I want to be a novelist, but I can’t just want it. I have to do it. Wanting it too badly can actually just be a distraction from the work itself. I’m grateful for my short fiction publications, for dear diary, and for the friends I’ve made along the way. But like, that’s not the thing for me, and I’m done spending my creative energy on pursuits that are primarily just covert attempts at legitimizing myself in the eyes of other people.
Next year will be less about drafting and more about revising. I’m going to sink into the process. I’m gonna trim the “wanting” fat and bulk up the “doing.”
And after that, whatever happens, happens.

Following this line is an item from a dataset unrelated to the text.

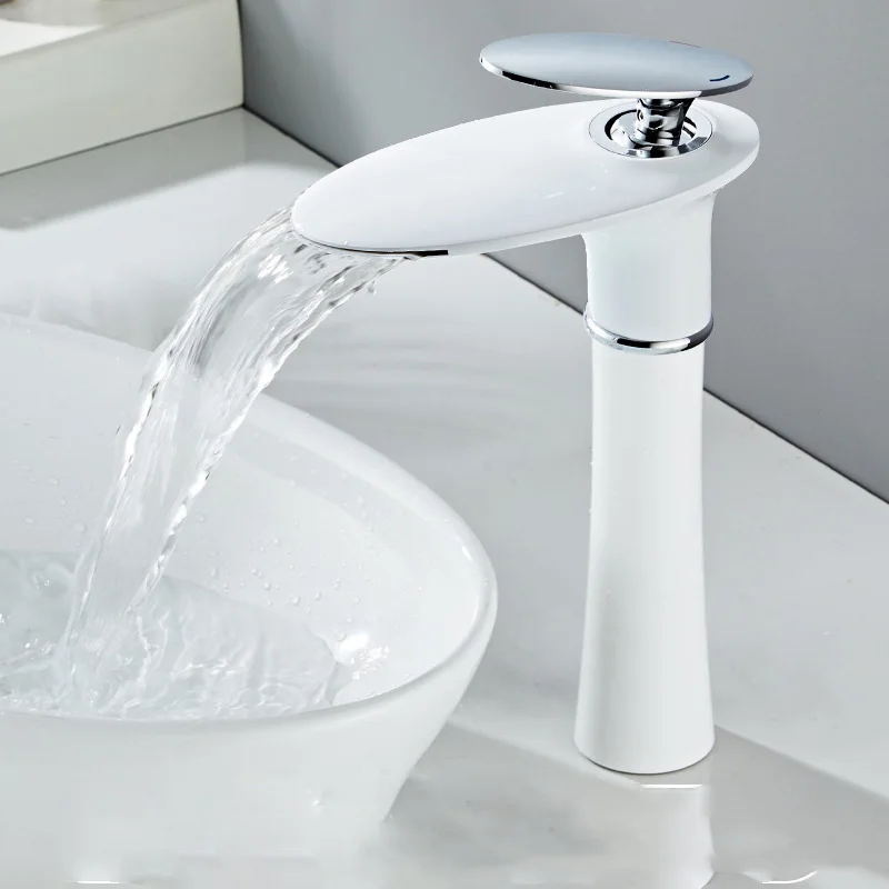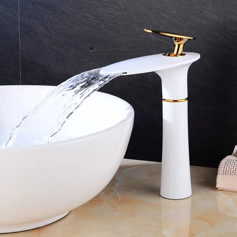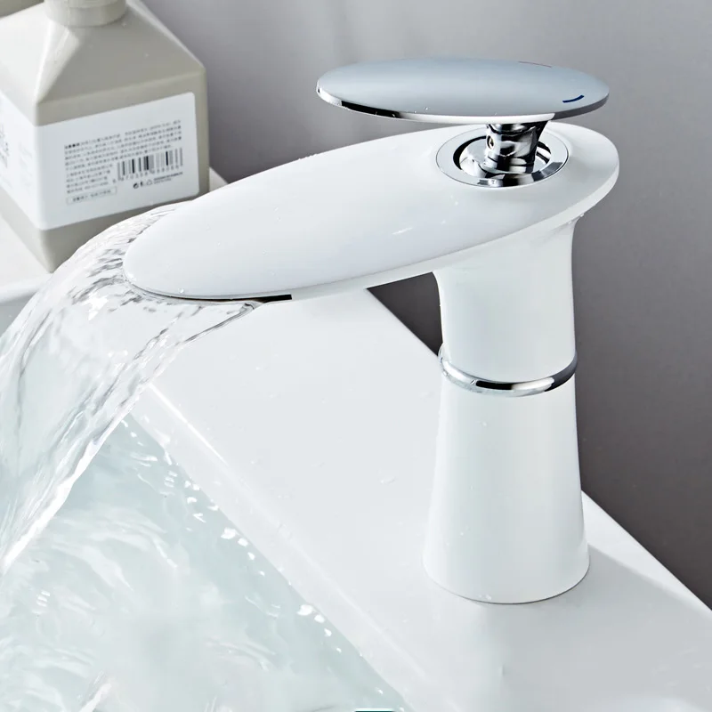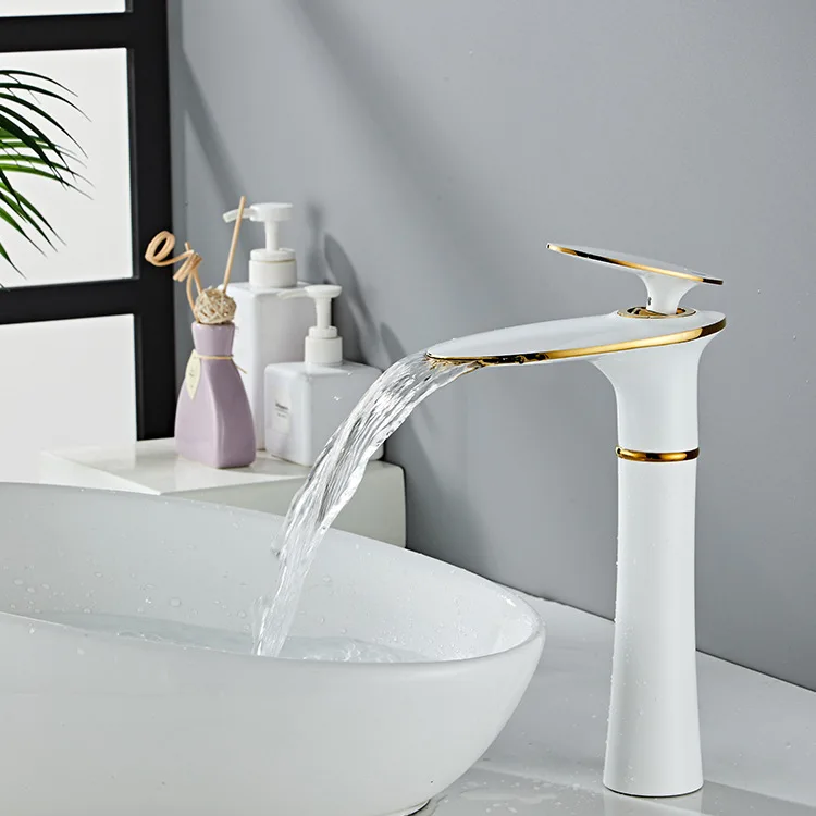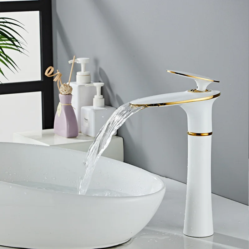 Basin Faucet Copper Single-Hole Waterfall Faucet Hot and Cold Water Basin Washbasin for Bathroom Vanity European-Style Faucet

Update 5/13/25: Thank you so so much for reading—I’m really grateful this resonated with so many of you <3 I wrote a follow up post you might like, about how I’ve successfully shifted from “wanting” to “doing,” buttttt learned it doesn’t stop there. Now I have to examine how I show up for the work:
distracted writing vs focused writing
I began revising my novel manuscript on January 4th. I’ve been combing through each chapter on my laptop and making them as perfect—maybe I should say: as to my taste?—as I can, on my own, in this moment. Every week and a half-ish, I send a chapter to a writer friend,
+ Writing: Novel manuscript word count is 81,217. I’m dying. But I’m also in love.
+ Huge congrats to my partner, Peter, for their major accomplishment!! You can find Peter’s work here and here and here. I feel stupidly lucky to be married to someone so smart, generous, and good, whose writing I admire and who makes me a better writer, too. Excited to see what comes next!!
This one hurt because… same. But now I’m stuck wondering if I actually ever wanted to be a novelist or if it was the only thing I figured I could do because I don’t feel good at anything else. Boop. Anyway, congrats to you for finding what works and being honest about what doesn’t and congrats to Peter!
I love this! It's so true. I'm also about to finish a manuscript (likely in the next few days) and just show up for easy goals. I have to say, all the short story writing you did was great practice! It might not be "the thing" you want to do, but it's helped you become a better writer, will will serve you sooo well in your novels!